- WORK ORDER -
Would you give the entries again word for word, with no pictures in the copy?
-----
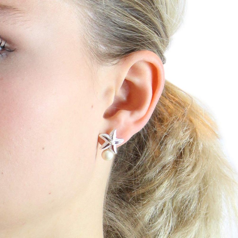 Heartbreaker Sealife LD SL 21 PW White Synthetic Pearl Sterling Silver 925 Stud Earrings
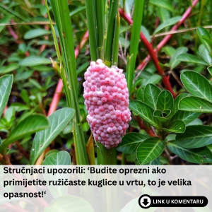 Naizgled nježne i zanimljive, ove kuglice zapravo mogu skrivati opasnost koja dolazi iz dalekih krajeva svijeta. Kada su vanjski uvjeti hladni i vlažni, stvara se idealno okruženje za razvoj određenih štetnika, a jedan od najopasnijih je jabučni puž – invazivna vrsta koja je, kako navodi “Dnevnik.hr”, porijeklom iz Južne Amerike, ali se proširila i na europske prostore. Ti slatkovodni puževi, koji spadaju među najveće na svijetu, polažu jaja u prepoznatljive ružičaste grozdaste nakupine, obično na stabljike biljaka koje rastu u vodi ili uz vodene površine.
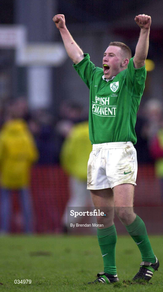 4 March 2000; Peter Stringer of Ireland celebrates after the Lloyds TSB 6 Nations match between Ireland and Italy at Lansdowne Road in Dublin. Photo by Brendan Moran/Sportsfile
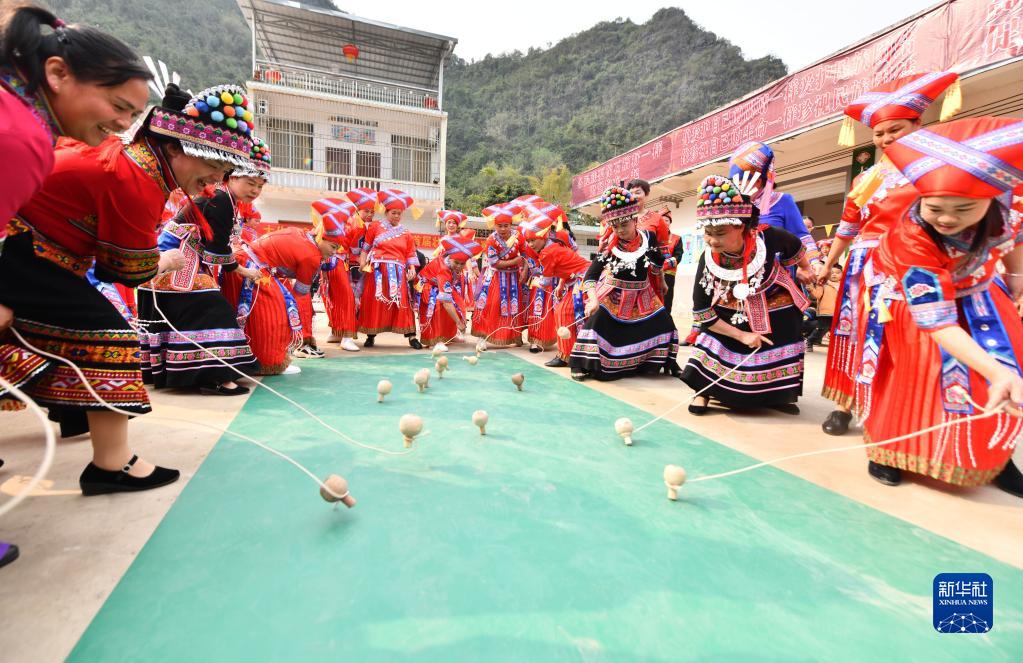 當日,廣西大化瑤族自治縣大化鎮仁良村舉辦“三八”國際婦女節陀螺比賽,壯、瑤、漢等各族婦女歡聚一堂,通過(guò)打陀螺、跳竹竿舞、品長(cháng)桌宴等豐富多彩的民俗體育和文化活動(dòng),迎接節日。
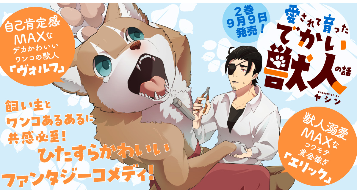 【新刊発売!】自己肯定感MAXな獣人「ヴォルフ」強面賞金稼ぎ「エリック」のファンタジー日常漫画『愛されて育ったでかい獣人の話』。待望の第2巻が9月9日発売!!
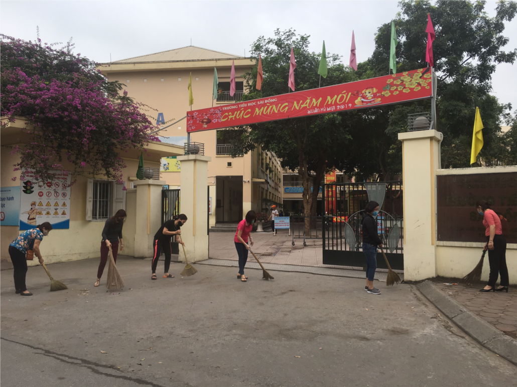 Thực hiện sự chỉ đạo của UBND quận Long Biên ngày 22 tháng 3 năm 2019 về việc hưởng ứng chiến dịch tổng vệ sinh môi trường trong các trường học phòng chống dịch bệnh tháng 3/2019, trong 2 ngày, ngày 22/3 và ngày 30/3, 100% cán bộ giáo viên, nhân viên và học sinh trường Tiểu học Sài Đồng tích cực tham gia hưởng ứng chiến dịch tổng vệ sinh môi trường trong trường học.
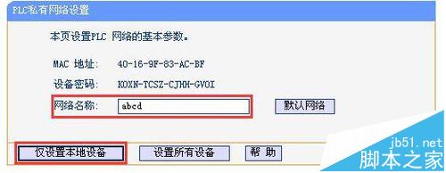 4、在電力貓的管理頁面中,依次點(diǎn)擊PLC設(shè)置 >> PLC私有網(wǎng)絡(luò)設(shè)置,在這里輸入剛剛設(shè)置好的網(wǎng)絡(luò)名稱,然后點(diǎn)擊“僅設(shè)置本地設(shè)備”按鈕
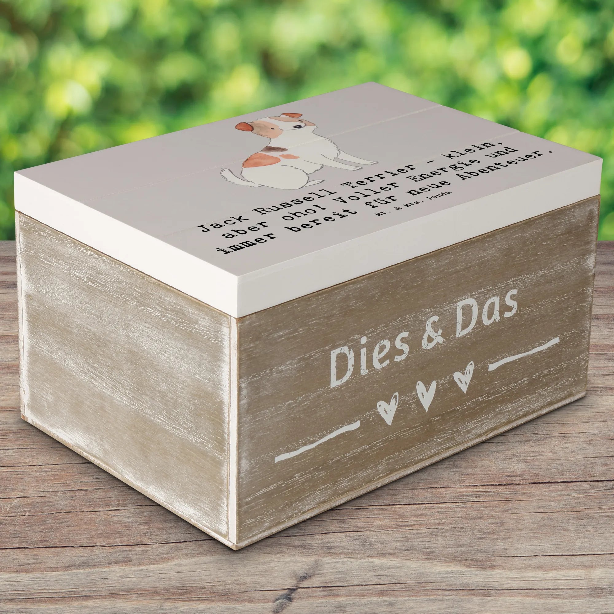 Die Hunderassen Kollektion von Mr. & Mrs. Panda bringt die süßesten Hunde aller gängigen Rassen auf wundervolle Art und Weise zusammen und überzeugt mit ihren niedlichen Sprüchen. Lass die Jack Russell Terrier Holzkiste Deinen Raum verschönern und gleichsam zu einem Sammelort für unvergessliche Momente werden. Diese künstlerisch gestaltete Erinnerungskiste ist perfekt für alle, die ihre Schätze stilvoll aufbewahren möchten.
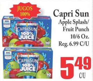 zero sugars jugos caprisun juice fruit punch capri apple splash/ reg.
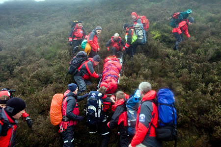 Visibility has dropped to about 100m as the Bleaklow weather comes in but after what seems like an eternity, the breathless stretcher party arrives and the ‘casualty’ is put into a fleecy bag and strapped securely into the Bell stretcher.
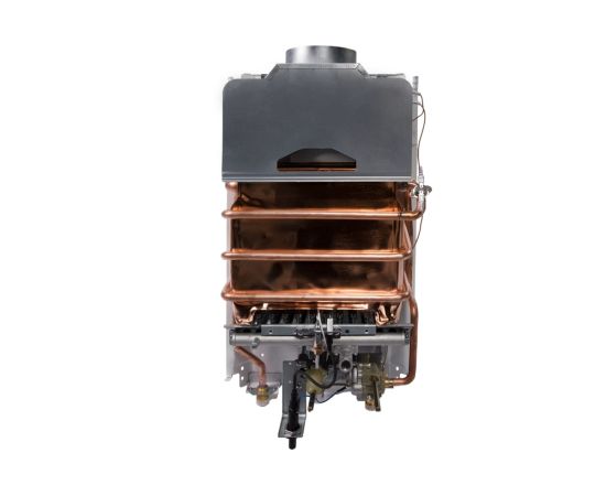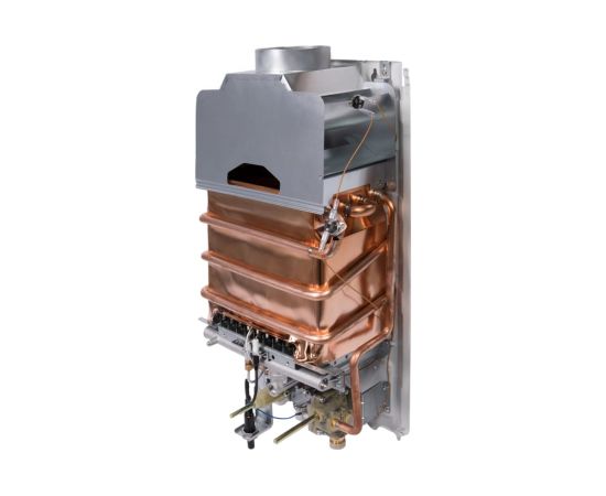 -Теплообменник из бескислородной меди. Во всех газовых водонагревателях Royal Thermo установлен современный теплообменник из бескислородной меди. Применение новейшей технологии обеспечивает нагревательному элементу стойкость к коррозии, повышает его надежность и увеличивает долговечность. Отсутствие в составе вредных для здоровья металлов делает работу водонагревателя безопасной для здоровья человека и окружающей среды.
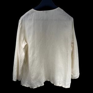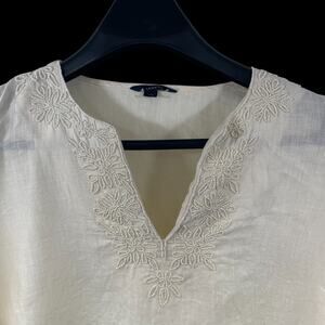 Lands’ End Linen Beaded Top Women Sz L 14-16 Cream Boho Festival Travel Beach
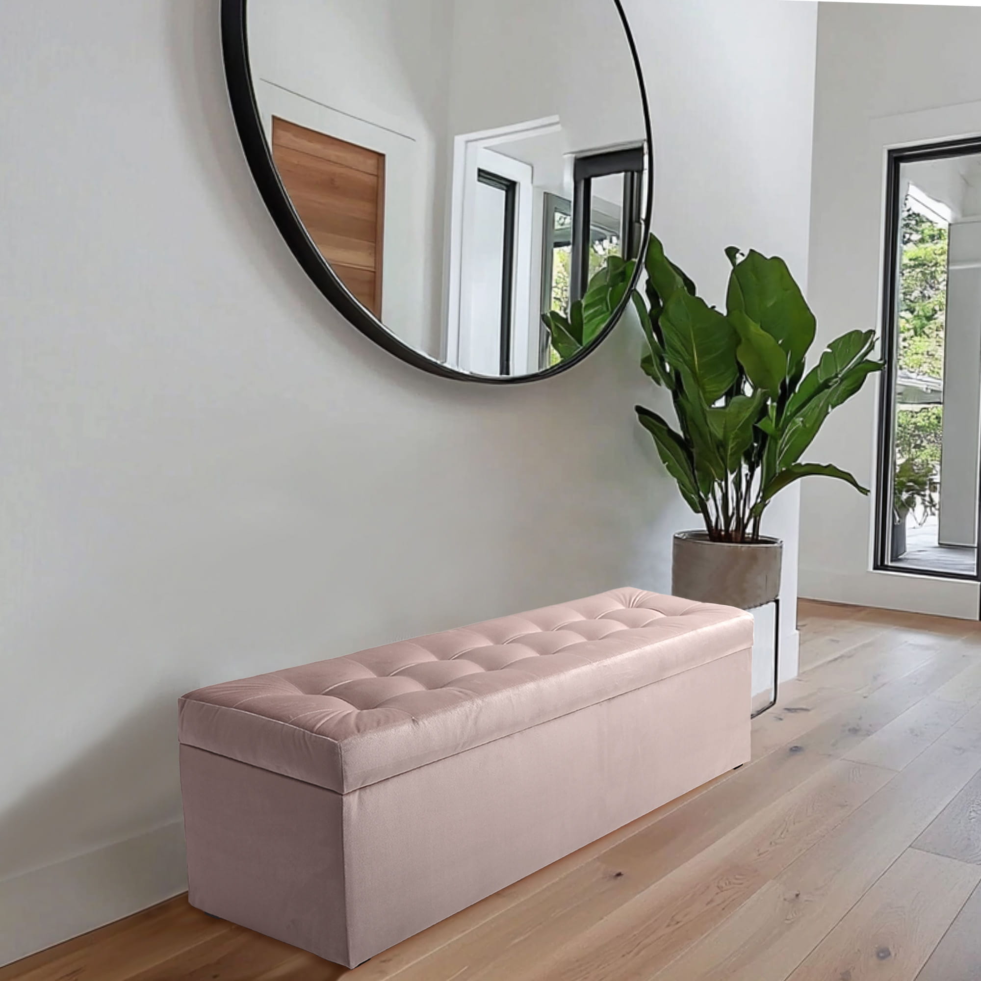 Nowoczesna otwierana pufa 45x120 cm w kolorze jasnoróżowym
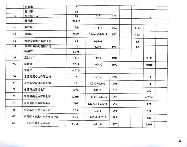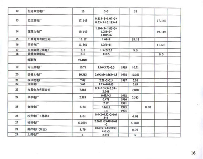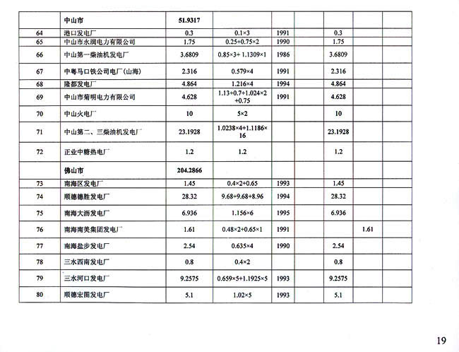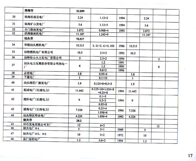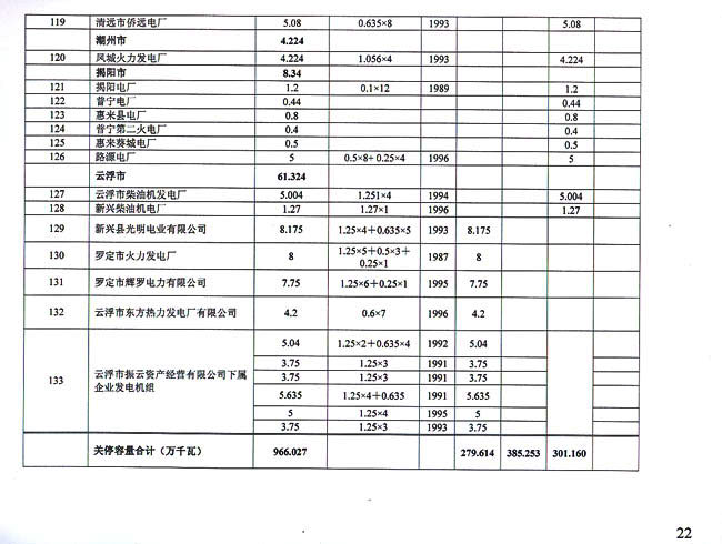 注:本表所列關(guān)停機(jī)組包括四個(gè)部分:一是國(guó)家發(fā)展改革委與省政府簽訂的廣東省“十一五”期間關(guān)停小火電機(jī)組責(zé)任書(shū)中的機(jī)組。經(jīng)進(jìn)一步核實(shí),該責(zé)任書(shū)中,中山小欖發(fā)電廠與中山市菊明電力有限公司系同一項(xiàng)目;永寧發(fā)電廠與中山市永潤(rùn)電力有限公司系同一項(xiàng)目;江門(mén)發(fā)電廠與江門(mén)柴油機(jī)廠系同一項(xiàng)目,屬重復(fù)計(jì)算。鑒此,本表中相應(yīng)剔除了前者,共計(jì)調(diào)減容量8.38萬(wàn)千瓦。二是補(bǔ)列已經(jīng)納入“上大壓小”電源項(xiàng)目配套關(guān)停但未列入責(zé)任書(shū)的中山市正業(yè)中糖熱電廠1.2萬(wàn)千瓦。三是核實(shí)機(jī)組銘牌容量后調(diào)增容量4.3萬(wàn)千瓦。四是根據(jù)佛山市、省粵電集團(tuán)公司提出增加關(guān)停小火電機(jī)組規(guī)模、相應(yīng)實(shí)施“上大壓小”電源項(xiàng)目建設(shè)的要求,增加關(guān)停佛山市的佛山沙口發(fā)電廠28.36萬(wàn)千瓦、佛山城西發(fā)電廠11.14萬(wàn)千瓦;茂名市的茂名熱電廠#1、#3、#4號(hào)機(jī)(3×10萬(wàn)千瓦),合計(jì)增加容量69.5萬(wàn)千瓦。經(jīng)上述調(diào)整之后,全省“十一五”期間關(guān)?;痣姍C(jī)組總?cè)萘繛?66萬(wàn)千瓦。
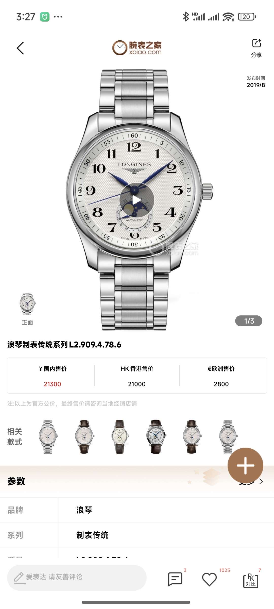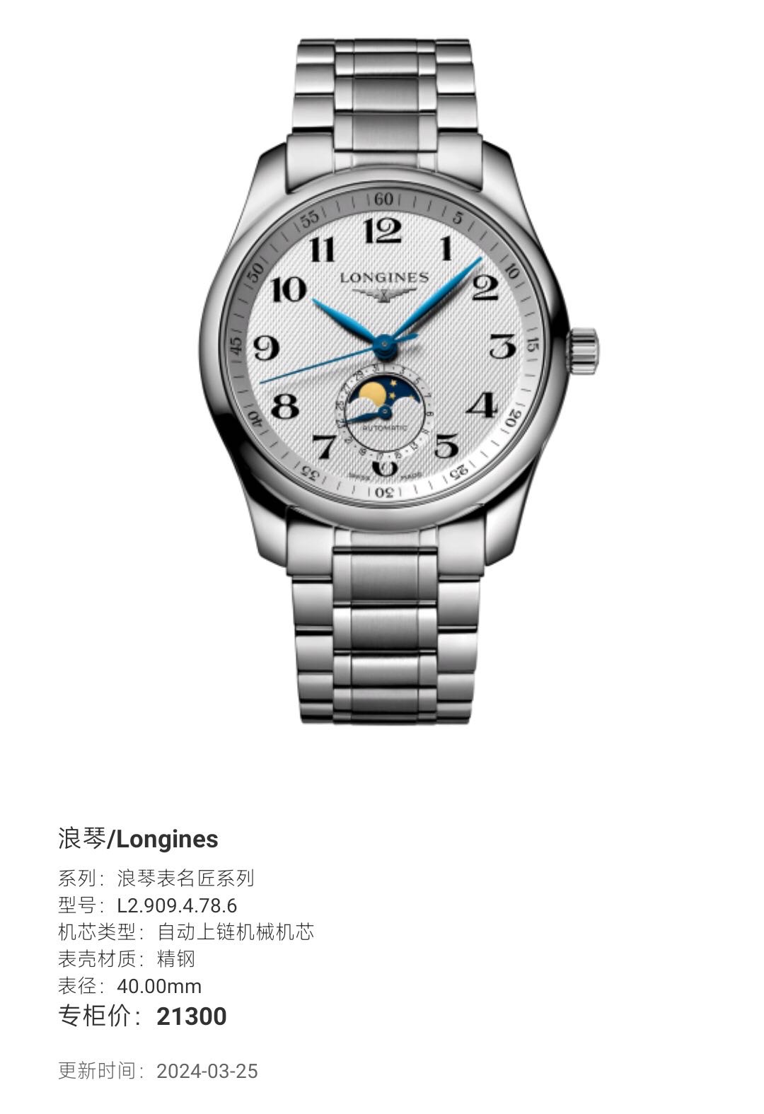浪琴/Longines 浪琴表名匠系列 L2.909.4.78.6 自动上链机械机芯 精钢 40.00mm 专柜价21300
-----
- SOLUTION TO THIS EXERCISE -
 Heartbreaker Sealife LD SL 21 PW White Synthetic Pearl Sterling Silver 925 Stud Earrings
 Naizgled nježne i zanimljive, ove kuglice zapravo mogu skrivati opasnost koja dolazi iz dalekih krajeva svijeta. Kada su vanjski uvjeti hladni i vlažni, stvara se idealno okruženje za razvoj određenih štetnika, a jedan od najopasnijih je jabučni puž – invazivna vrsta koja je, kako navodi “Dnevnik.hr”, porijeklom iz Južne Amerike, ali se proširila i na europske prostore. Ti slatkovodni puževi, koji spadaju među najveće na svijetu, polažu jaja u prepoznatljive ružičaste grozdaste nakupine, obično na stabljike biljaka koje rastu u vodi ili uz vodene površine.
 4 March 2000; Peter Stringer of Ireland celebrates after the Lloyds TSB 6 Nations match between Ireland and Italy at Lansdowne Road in Dublin. Photo by Brendan Moran/Sportsfile
 當日,廣西大化瑤族自治縣大化鎮仁良村舉辦“三八”國際婦女節陀螺比賽,壯、瑤、漢等各族婦女歡聚一堂,通過(guò)打陀螺、跳竹竿舞、品長(cháng)桌宴等豐富多彩的民俗體育和文化活動(dòng),迎接節日。
 【新刊発売!】自己肯定感MAXな獣人「ヴォルフ」強面賞金稼ぎ「エリック」のファンタジー日常漫画『愛されて育ったでかい獣人の話』。待望の第2巻が9月9日発売!!
 Thực hiện sự chỉ đạo của UBND quận Long Biên ngày 22 tháng 3 năm 2019 về việc hưởng ứng chiến dịch tổng vệ sinh môi trường trong các trường học phòng chống dịch bệnh tháng 3/2019, trong 2 ngày, ngày 22/3 và ngày 30/3, 100% cán bộ giáo viên, nhân viên và học sinh trường Tiểu học Sài Đồng tích cực tham gia hưởng ứng chiến dịch tổng vệ sinh môi trường trong trường học.
 4、在電力貓的管理頁面中,依次點(diǎn)擊PLC設(shè)置 >> PLC私有網(wǎng)絡(luò)設(shè)置,在這里輸入剛剛設(shè)置好的網(wǎng)絡(luò)名稱,然后點(diǎn)擊“僅設(shè)置本地設(shè)備”按鈕
 Die Hunderassen Kollektion von Mr. & Mrs. Panda bringt die süßesten Hunde aller gängigen Rassen auf wundervolle Art und Weise zusammen und überzeugt mit ihren niedlichen Sprüchen. Lass die Jack Russell Terrier Holzkiste Deinen Raum verschönern und gleichsam zu einem Sammelort für unvergessliche Momente werden. Diese künstlerisch gestaltete Erinnerungskiste ist perfekt für alle, die ihre Schätze stilvoll aufbewahren möchten.
 zero sugars jugos caprisun juice fruit punch capri apple splash/ reg.
 Visibility has dropped to about 100m as the Bleaklow weather comes in but after what seems like an eternity, the breathless stretcher party arrives and the ‘casualty’ is put into a fleecy bag and strapped securely into the Bell stretcher.
 -Теплообменник из бескислородной меди. Во всех газовых водонагревателях Royal Thermo установлен современный теплообменник из бескислородной меди. Применение новейшей технологии обеспечивает нагревательному элементу стойкость к коррозии, повышает его надежность и увеличивает долговечность. Отсутствие в составе вредных для здоровья металлов делает работу водонагревателя безопасной для здоровья человека и окружающей среды.
 Lands’ End Linen Beaded Top Women Sz L 14-16 Cream Boho Festival Travel Beach
 Nowoczesna otwierana pufa 45x120 cm w kolorze jasnoróżowym
 注:本表所列關(guān)停機(jī)組包括四個(gè)部分:一是國(guó)家發(fā)展改革委與省政府簽訂的廣東省“十一五”期間關(guān)停小火電機(jī)組責(zé)任書(shū)中的機(jī)組。經(jīng)進(jìn)一步核實(shí),該責(zé)任書(shū)中,中山小欖發(fā)電廠與中山市菊明電力有限公司系同一項(xiàng)目;永寧發(fā)電廠與中山市永潤(rùn)電力有限公司系同一項(xiàng)目;江門(mén)發(fā)電廠與江門(mén)柴油機(jī)廠系同一項(xiàng)目,屬重復(fù)計(jì)算。鑒此,本表中相應(yīng)剔除了前者,共計(jì)調(diào)減容量8.38萬(wàn)千瓦。二是補(bǔ)列已經(jīng)納入“上大壓小”電源項(xiàng)目配套關(guān)停但未列入責(zé)任書(shū)的中山市正業(yè)中糖熱電廠1.2萬(wàn)千瓦。三是核實(shí)機(jī)組銘牌容量后調(diào)增容量4.3萬(wàn)千瓦。四是根據(jù)佛山市、省粵電集團(tuán)公司提出增加關(guān)停小火電機(jī)組規(guī)模、相應(yīng)實(shí)施“上大壓小”電源項(xiàng)目建設(shè)的要求,增加關(guān)停佛山市的佛山沙口發(fā)電廠28.36萬(wàn)千瓦、佛山城西發(fā)電廠11.14萬(wàn)千瓦;茂名市的茂名熱電廠#1、#3、#4號(hào)機(jī)(3×10萬(wàn)千瓦),合計(jì)增加容量69.5萬(wàn)千瓦。經(jīng)上述調(diào)整之后,全省“十一五”期間關(guān)?;痣姍C(jī)組總?cè)萘繛?66萬(wàn)千瓦。
浪琴/Longines 浪琴表名匠系列 L2.909.4.78.6 自动上链机械机芯 精钢 40.00mm 专柜价21300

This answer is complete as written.